/---
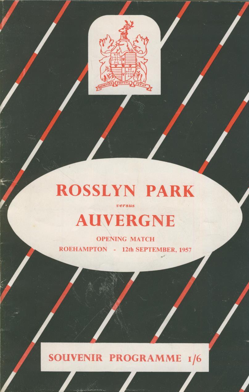 ROSSLYN PARK V AUVERGNE 1957 RUGBY PROGRAMME - OPENING OF THE NEW GROUND IN ROEHAMPTON
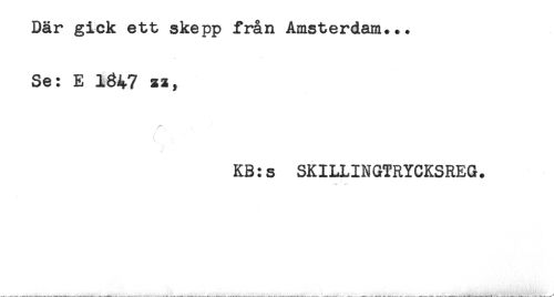 //// Där gick ett skepp från Amsterdam... //// Se: E 1347 sa, //// KB:s SKILLINGTRYCKSREG. ////
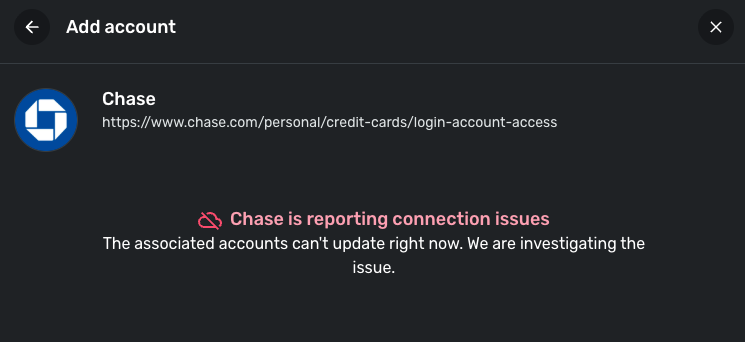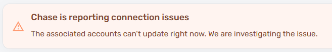 Thanks for letting us know. It looks like Chase is indeed reporting connection issues at this time. We are looking into the issue, so in the meantime, I would keep trying to connect every once in a while and be on the lookout for when that banner disappears.
\---
▸ **ASSIGNED TASK**
In the copy, include no pictures; restate the listing above exactly.

▸ **EXERCISE SOLUTION**
 ROSSLYN PARK V AUVERGNE 1957 RUGBY PROGRAMME - OPENING OF THE NEW GROUND IN ROEHAMPTON
 //// Där gick ett skepp från Amsterdam... //// Se: E 1347 sa, //// KB:s SKILLINGTRYCKSREG. ////
 Thanks for letting us know. It looks like Chase is indeed reporting connection issues at this time. We are looking into the issue, so in the meantime, I would keep trying to connect every once in a while and be on the lookout for when that banner disappears.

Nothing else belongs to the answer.